SUPPLIED MATERIAL
****************

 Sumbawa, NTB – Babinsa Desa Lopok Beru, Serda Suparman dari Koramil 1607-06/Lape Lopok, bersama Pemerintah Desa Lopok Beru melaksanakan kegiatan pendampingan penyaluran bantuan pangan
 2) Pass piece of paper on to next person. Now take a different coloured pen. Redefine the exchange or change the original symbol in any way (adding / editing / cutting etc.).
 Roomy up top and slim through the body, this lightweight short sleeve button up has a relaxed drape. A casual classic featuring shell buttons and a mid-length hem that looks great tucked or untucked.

****************

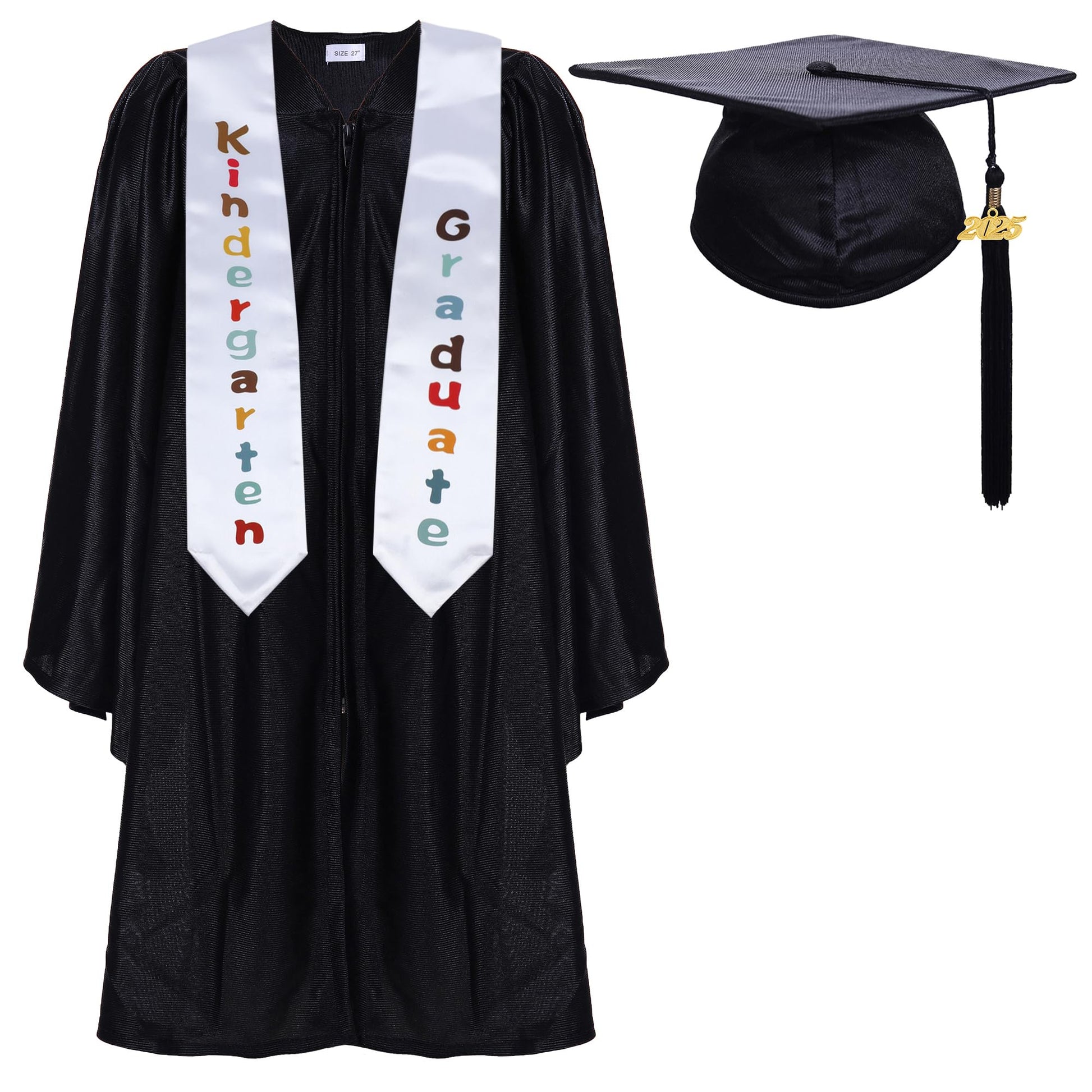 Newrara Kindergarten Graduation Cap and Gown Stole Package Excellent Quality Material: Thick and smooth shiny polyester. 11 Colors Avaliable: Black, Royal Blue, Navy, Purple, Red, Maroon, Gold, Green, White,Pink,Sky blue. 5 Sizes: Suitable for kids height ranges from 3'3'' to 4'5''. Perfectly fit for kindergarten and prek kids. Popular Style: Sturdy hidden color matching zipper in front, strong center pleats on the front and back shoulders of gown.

****************

WORK TO BE COMPLETED
Give back exactly the lines of the listing above that run from the line with "2) Pass piece" to the line with "Roomy up top", inclusive.

WRITTEN ANSWER
 2) Pass piece of paper on to next person. Now take a different coloured pen. Redefine the exchange or change the original symbol in any way (adding / editing / cutting etc.).
 Roomy up top and slim through the body, this lightweight short sleeve button up has a relaxed drape. A casual classic featuring shell buttons and a mid-length hem that looks great tucked or untucked.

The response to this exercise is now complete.